Jude Samulski, a molecular biologist at the University of North Carolina at Chapel Hill and Asklepios BioPharma in Chapel Hill, and neurologist Jerry Mendell at Nationwide Children’s Hospital in Columbus, Ohio, both of whom have received substantial MDA support to develop gene therapy for DMD, addressed this issue. Both are investigators in a phase 1 clinical trial of dystrophin gene transfer in DMD using an AAV vector.
Mendell said he thought the presence of so-called revertant fibers — isolated muscle fibers that produce dystrophin despite a dystrophin gene mutation — would likely protect many boys with DMD from rejecting full-length dystrophin that would be synthesized from a transferred gene. However, he said, analysis of the final results of the current DMD gene therapy trial will reveal whether that’s the case.
Samulski concentrated his presentation on concerns about the potential immune-system rejection of the surface proteins found on the AAV vectors used in gene therapy.
He emphasized that, so far, they have seen no serious adverse events and no immune-system cells known as cytotoxic lymphocytes attacking these proteins in the DMD gene therapy clinical trial. However, he said, it’s still “early in our understanding” and we “can’t infer too much from one study.”
The vector being used in the DMD trial is called AAV2.5. It’s a laboratory-engineered viral shell designed to maximize muscle-cell entry and minimize unwanted immune responses.
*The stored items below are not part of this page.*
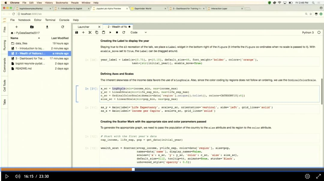 光有这些看起来好像还是不过瘾,宝器找到了一个bqplot官方团队的讲解视频,详细的介绍了如果通过bqplot构建交互式图表、仪表板和丰富的GUI应用程序。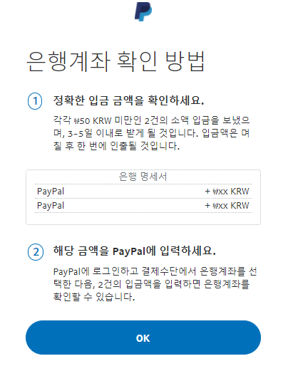 은행 정보를 모두 입력하셨다면 본인 확인을 위해서 페이팔에서 소액의 금액을 입금해줍니다. 기간은 3~5일 정도 소요되고 입금된 소액은 며칠 뒤에 다시 빠져나갑니다. 소액이 입금되셨다면 오른쪽의 화면처럼 입금된 금액을 입력하신 뒤 확인을 해주시면 페이팔 은행계좌 연결이 끝납니다.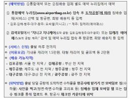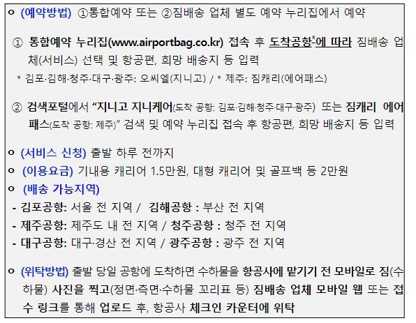배송 서비스는 서울, 부산, 청주, 대구·경산, 광주 전 지역에서 받을 수 있고, 출발 하루 전까지 통합예약 누리집 또는 짐배송 업체 누리집에서 서비스 예약이 가능하다.
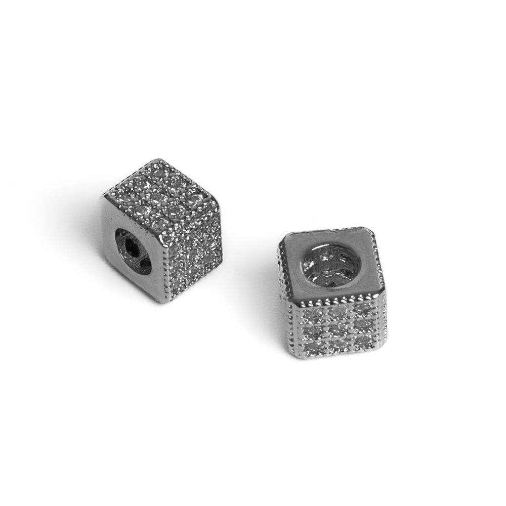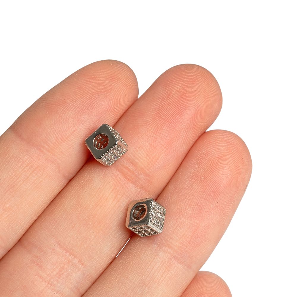 Korálka kocka zo striebornej zliatiny kovov a bielymi kubickými zirkónmi o veľkosti 6 mm.

Samulski said the field is moving toward such designer vectors and away from settling for what nature has provided.
Other investigators are concentrating on transplanting muscle precursor cells, allowing genes to be delivered to ailing muscle tissue without the use of viral vectors.
Jacques Tremblay, from Laval University in Quebec City, discussed his experiences with intramuscular injections of muscle precursor cells from healthy parents into their DMD-affected children (see "Scientists Share Gene Therapy Advances," September-October 2006).
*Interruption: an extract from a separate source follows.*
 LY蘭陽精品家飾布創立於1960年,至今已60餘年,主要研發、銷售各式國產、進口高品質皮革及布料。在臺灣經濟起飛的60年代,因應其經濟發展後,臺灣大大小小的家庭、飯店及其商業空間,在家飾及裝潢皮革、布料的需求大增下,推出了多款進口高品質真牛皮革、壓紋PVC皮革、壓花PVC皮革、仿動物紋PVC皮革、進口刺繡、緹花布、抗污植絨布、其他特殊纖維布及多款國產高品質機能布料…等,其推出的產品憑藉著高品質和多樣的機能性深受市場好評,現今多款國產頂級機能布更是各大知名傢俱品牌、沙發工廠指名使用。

In his phase 1A trial, Tremblay gave each of 10 boys 25 or 100 injections into a very small area of a leg muscle. The boys also received the immunosuppressant drug tacrolimus. Several of the patients showed good dystrophin production in the injected area.
Tremblay has now proceeded to a phase 1B trial, designed to test the effect of 300 to 600 injections into an arm muscle. (He is not seeking trial participants at this time.) So far, one patient has received 300 injections and then 600 injections a month later. Surprisingly, only 1 percent of this patient’s muscle fibers in the injected area were producing dystrophin six months after the second set of 600 injections.
Tremblay speculated that the separation of more than a year between the participation of this patient in the phase 1A clinical trial and the phase 1B clinical trial may have allowed the patient’s immune system to become “primed” against the donated cells and to reject the cells injected in phase 1B.
Also experimenting with cell transplantation is Maruilio Sampaolesi from the University of Pavia (Italy), who’s transplanting blood-vesselassociated cells called mesoangioblasts into dystrophin-deficient dogs. Mesoangioblasts are able to become the type of cell that surrounds them, including muscle.
Dogs that received a leg-artery injection of donated mesoangioblasts from healthy dogs and also received the immunosuppressant cyclosporine produced dystrophin and showed increased muscle force.
Sampaolesi and colleagues are now testing the safety of intramuscular injections of mesoangioblasts in children in Italy.